Defined in src/paperless/storage.py:

class DocumentStorage(Protocol):
    def __enter__(self) -> Self: ...
    def __exit__(self, exc_type, exc_val, exc_tb) -> None: ...
    def open(self, name: str) -> IO[bytes]: ...
    def save(self, name: str, content: IO[bytes]) -> str: ...  # returns actual name used
    def delete(self, name: str) -> None: ...
    def exists(self, name: str) -> bool: ...
    def move(self, old_name: str, new_name: str) -> None: ...
    def list_files(self, prefix: str = "") -> Iterable[str]: ...
    def size(self, name: str) -> int: ...

name is always the relative key as stored in the DB (e.g. 2024/my-invoice.pdf). All operations including open() must be called within a with storage: block — the context manager handles connection lifecycle and backend-specific cleanup.

Storage Instances

Two module-level singletons in src/paperless/storage.py, each an instance of the configured backend class:

original_storage: DocumentStorage = _build("originals")
archive_storage: DocumentStorage  = _build("archive")

_build(prefix) reads PAPERLESS_DOCUMENT_STORAGE_BACKEND and PAPERLESS_DOCUMENT_STORAGE_OPTIONS from settings, instantiates the backend class with the configured options plus the paperless-controlled prefix. The prefix distinguishes originals from archives within the same bucket or directory root — it is not stored in the DB key.

Configuration

Two new settings, using the existing key-value dict mechanism:

Setting Default Description
PAPERLESS_DOCUMENT_STORAGE_BACKEND paperless.storage.LocalFilesystemBackend Dotted Python path to any class satisfying DocumentStorage
PAPERLESS_DOCUMENT_STORAGE_OPTIONS {} Dict of kwargs passed to the backend constructor

Example — S3-compatible:

PAPERLESS_DOCUMENT_STORAGE_BACKEND=paperless.storage.S3CompatibleBackend
PAPERLESS_DOCUMENT_STORAGE_OPTIONS={"bucket_name": "my-docs", "endpoint_url": "https://s3.wasabi.com", "region_name": "us-east-1", "access_key": "...", "secret_key": "..."}

Existing users set nothing — LocalFilesystemBackend with no options is the default.

Built-in Backends

LocalFilesystemBackend

  • __enter__: initialises tracking of directories affected during the context
  • __exit__: calls delete_empty_directories() for all tracked dirs; no-op on exception
  • open/save/delete/exists/move: direct Path + shutil operations rooted at settings.ORIGINALS_DIR / settings.ARCHIVE_DIR (via the prefix passed by _build)
  • move(): shutil.move() — atomic on same filesystem
  • list_files(): Path.rglob("*")

S3CompatibleBackend

  • Wraps django-storages S3 backend (storages.backends.s3boto3.S3Boto3Storage) for open, save, delete, exists
  • __enter__: initialises boto3 client/session
  • __exit__: no cleanup required (no empty directory concept on S3)
  • move(): boto3 copy_object (server-side, no data transfer) + delete_object
  • open(): returns streaming S3 response body; caller's with block closes the HTTP connection
  • list_files(): S3 list_objects_v2 with prefix
  • Works with any S3-compatible endpoint via endpoint_url option

Data Migration

One Django migration strips the stored prefix from existing rows:

  • document.filename: documents/originals/2024/invoice.pdf2024/invoice.pdf
  • document.archive_filename: documents/archive/2024/invoice.pdf2024/invoice.pdf

The prefix is now owned by the storage instance, not the DB key.

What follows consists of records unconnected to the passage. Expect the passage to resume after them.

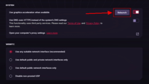 Funcția Use graphics acceleration when available permite browserului să folosească placa video (GPU) pentru o performanță mai bună, oferind o experiență mai fluidă în navigare, video și animații.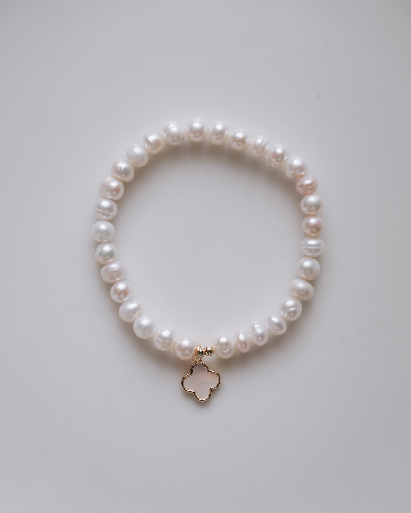 Елегантна гривна, изработена от перли с нежен перлен блясък, допълнена от деликатен златист акцент във формата на детелинка. Лека и удобна за носене, гривната е стилен завършек към всяка женствена визия.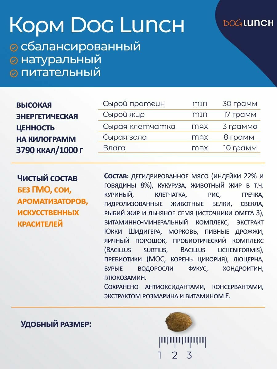 Dog Lunch Корм сухой Премиум для взрослых собак с Индейкой и рисом 2 кг, 1 шт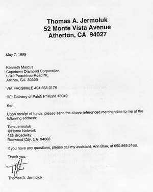 Upon receipt of funds, please send the above referenced Patek Philippe to me at the following address. If you have any questions, please call my assistant.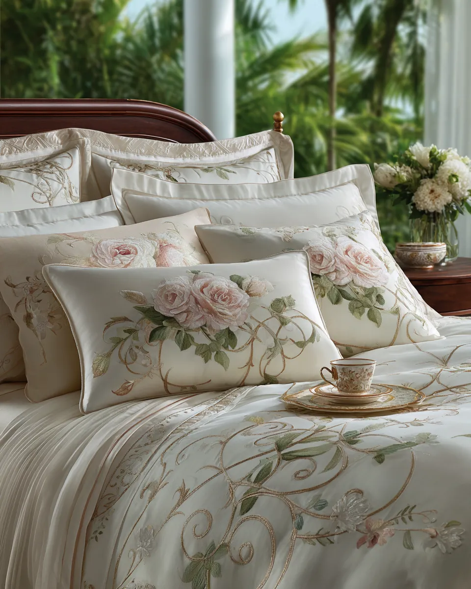 Drift off in artistic comfort. Save this for your decorative bedding inspiration! 💖 #ArtNouveauBeddingIdeas#DecorativeBedroom#ElegantBedding#BedroomInspo#ArtNouveauStyle#InteriorTextiles#BotanicalDecor#Dreamscape#ArtNouveauAesthetics#LuxeLinens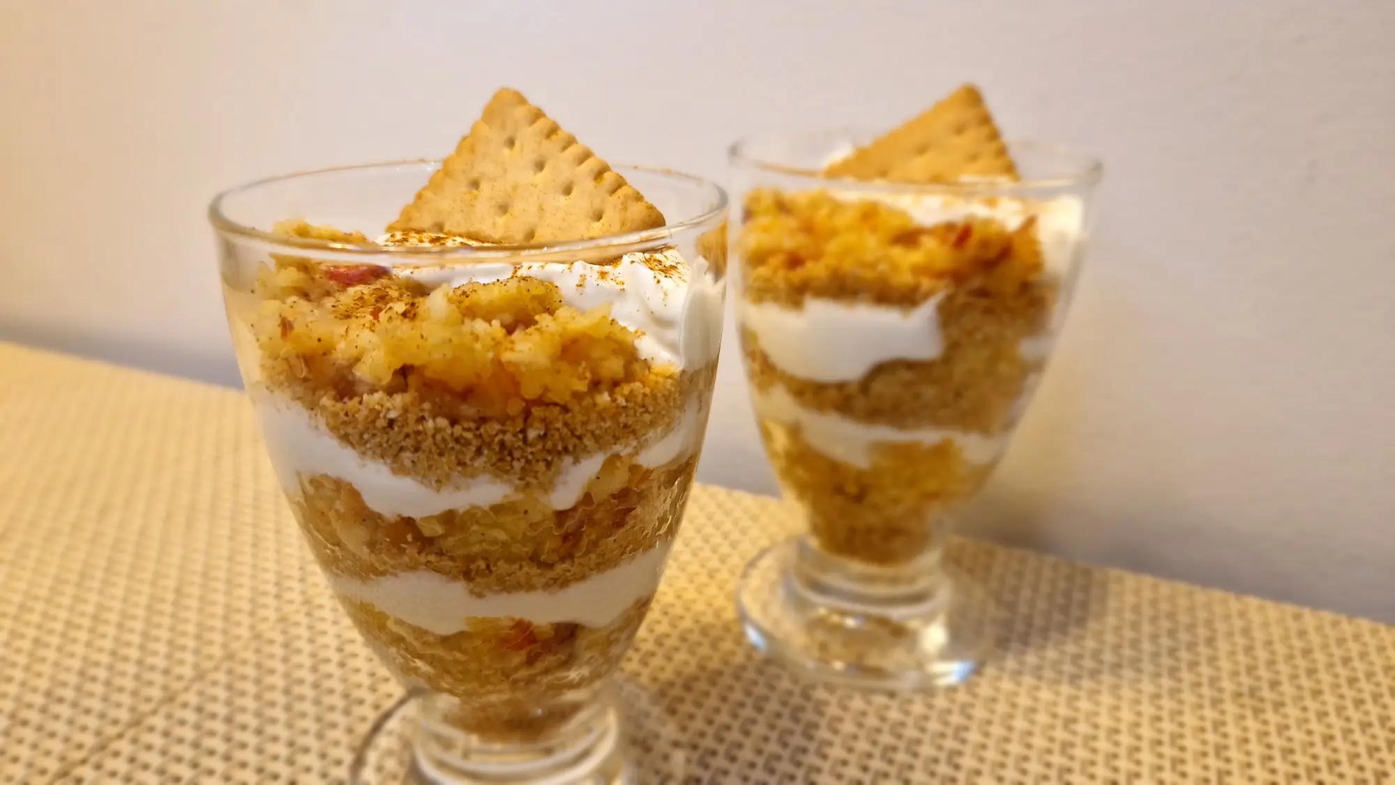 Ten deser 艂膮czy w sobie delikatn膮 s艂odycz z od偶ywczymi sk艂adnikami, tworz膮c zdrow膮 i smaczn膮 przek膮sk臋. Skyr waniliowy dostarcza solidnej porcji bia艂ka, kt贸re wspiera regeneracj臋 organizmu i pomaga na d艂u偶ej zachowa膰 uczucie syto艣ci. Jab艂ko wzbogaca deser o naturalne cukry, b艂onnik oraz witaminy, wspieraj膮c prac臋 uk艂adu trawiennego. Dodatek mas艂a orzechowego nadaje kremowej konsystencji i subtelnie podkre艣la smak, uzupe艂niaj膮c jednocze艣nie danie o niezb臋dne kalorie. To doskona艂y wyb贸r na szybki i warto艣ciowy posi艂ek w ci膮gu dnia.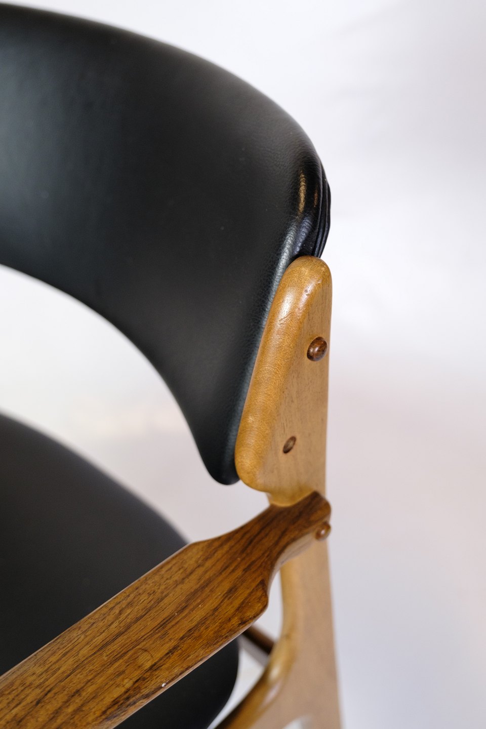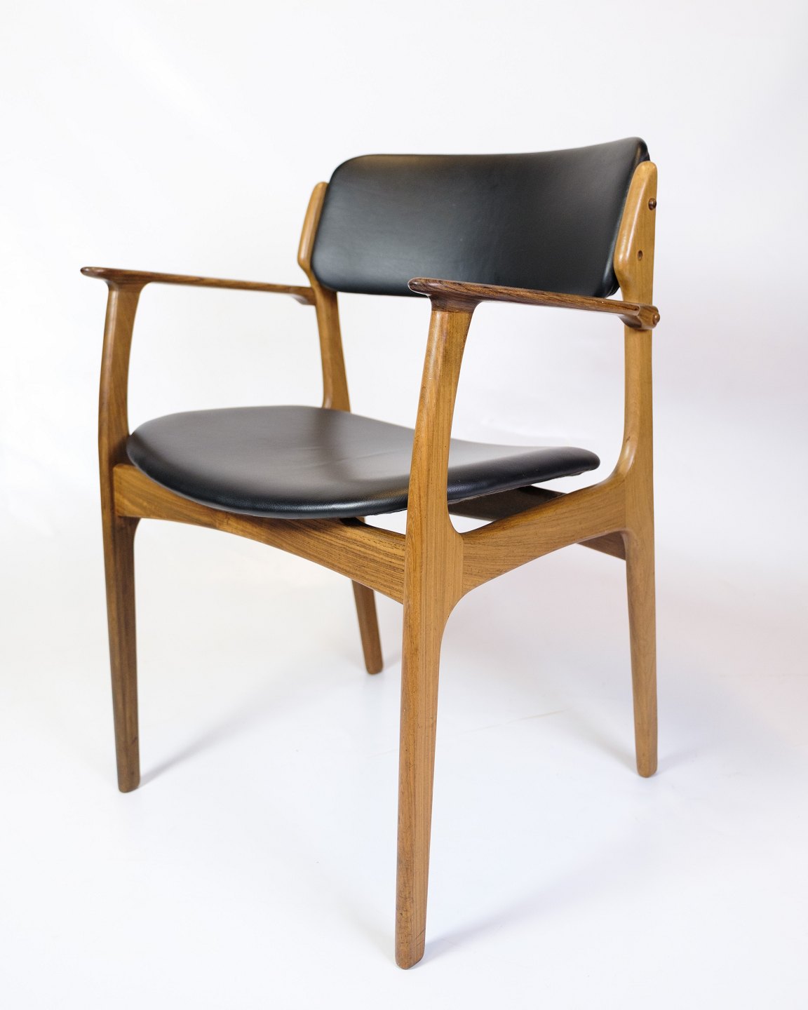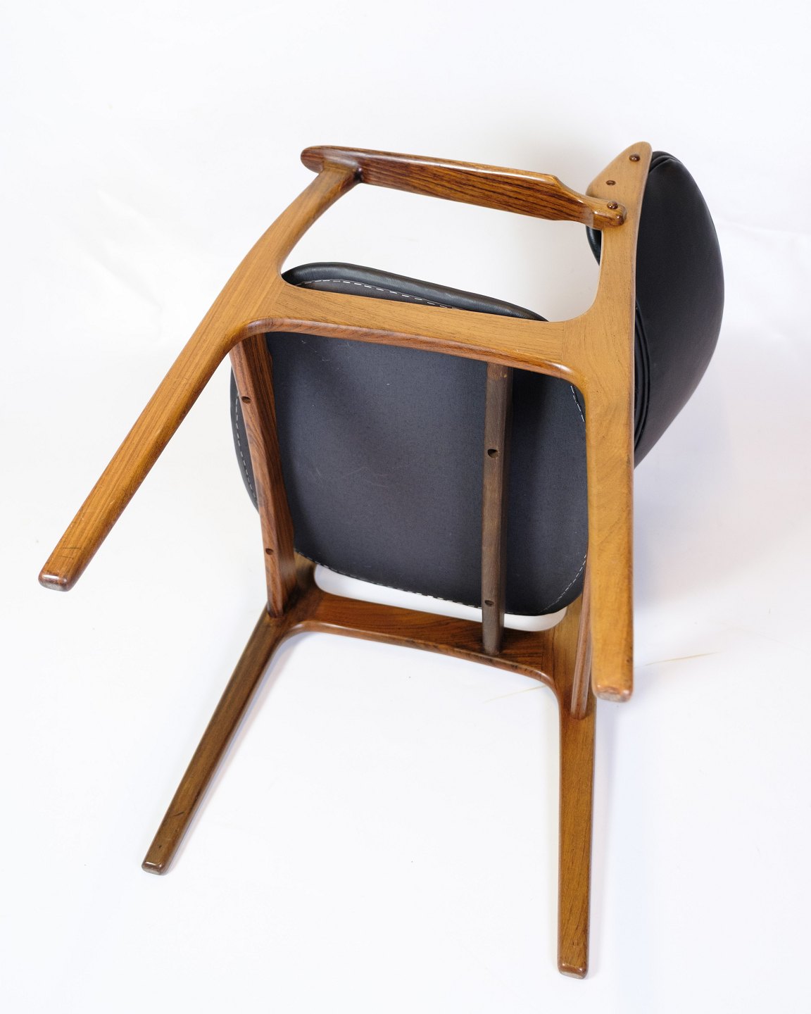 Sæt af to armstole, model OD50, designet af Erik Buch og fremstillet af O.D. Møbler i 1950’erne. Stolene er udført i palisander med sæder i sort læder og har det karakteristiske svævende sæde, som giver både visuel lethed og høj komfort. Erik Buch (1923–1982) var kendt for sit organiske formsprog og funktionelle tilgang til design, og hans møbler er i dag eftertragtede klassikere inden for dansk mid-century modern.

migrate_storage Management Command

manage.py migrate_storage [--dry-run] [--no-delete]
    [--source-backend=<dotted.path>] [--source-options=<json>]

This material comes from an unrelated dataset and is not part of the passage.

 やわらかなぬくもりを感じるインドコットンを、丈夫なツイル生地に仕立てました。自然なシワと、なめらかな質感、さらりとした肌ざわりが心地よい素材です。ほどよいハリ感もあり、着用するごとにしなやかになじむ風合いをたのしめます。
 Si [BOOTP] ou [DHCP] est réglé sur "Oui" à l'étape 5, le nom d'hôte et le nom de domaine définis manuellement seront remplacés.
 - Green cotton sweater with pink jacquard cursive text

Transfers all document files from one storage backend to another. The user updates PAPERLESS_DOCUMENT_STORAGE_BACKEND in their config first, then runs this command to move existing files.

The destination is always the currently configured backend (from settings). The source is specified via --source-backend / --source-options, defaulting to LocalFilesystemBackend with no options if omitted (covering the most common migration path: local → S3).

Flow:

  1. Instantiate source backend (from CLI args or default) and destination backend (from current settings)
  2. Iterate Document.objects.only("filename", "archive_filename")
  3. For each file (original + archive):
    • Skip with warning if missing from source
    • Skip silently if already present on destination (idempotent — safe to re-run)
    • Copy: destination.save(name, source.open(name))
    • Unless --no-delete: source.delete(name)
  4. Report counts: moved / skipped / failed
  5. --dry-run: prints actions without touching files

Individual failures are logged and counted but do not abort the run. Bidirectional: local → S3, S3 → local, S3 → S3.

Files to Create

File Purpose
src/paperless/storage.py Protocol, built-in backends, original_storage / archive_storage singletons
src/documents/management/commands/migrate_storage.py Migration command
src/documents/migrations/XXXX_strip_storage_prefix.py Strip prefix from existing filename rows

Files to Modify

File Change
src/paperless/settings/__init__.py Add PAPERLESS_DOCUMENT_STORAGE_BACKEND, PAPERLESS_DOCUMENT_STORAGE_OPTIONS
src/documents/models.py source_file, archive_file use storage instances; source_path returns temp file for subprocess callers
src/documents/consumer.py _write()storage.save(); remove mkdir calls
src/documents/signals/handlers.py shutil.move()storage.move(); remove create_source_path_directory / delete_empty_directories callsites
src/documents/tasks.py Same as signals
src/documents/file_handling.py exists() checks and directory references use storage API
src/documents/views/ File-serving views use storage.open() within context; wrap for FileResponse lifecycle
src/documents/management/commands/document_importer.py Replace Path.glob() and direct copies with storage API
src/documents/management/commands/document_exporter.py Replace direct file copies and FileLock-guarded writes with storage API

Locking & Concurrency

The codebase serialises all document file write/move operations with FileLock(settings.MEDIA_LOCK), where MEDIA_LOCK = MEDIA_ROOT / "media.lock". This is used in consumer.py, signals/handlers.py, tasks.py, mail.py, document_importer.py, and document_exporter.py.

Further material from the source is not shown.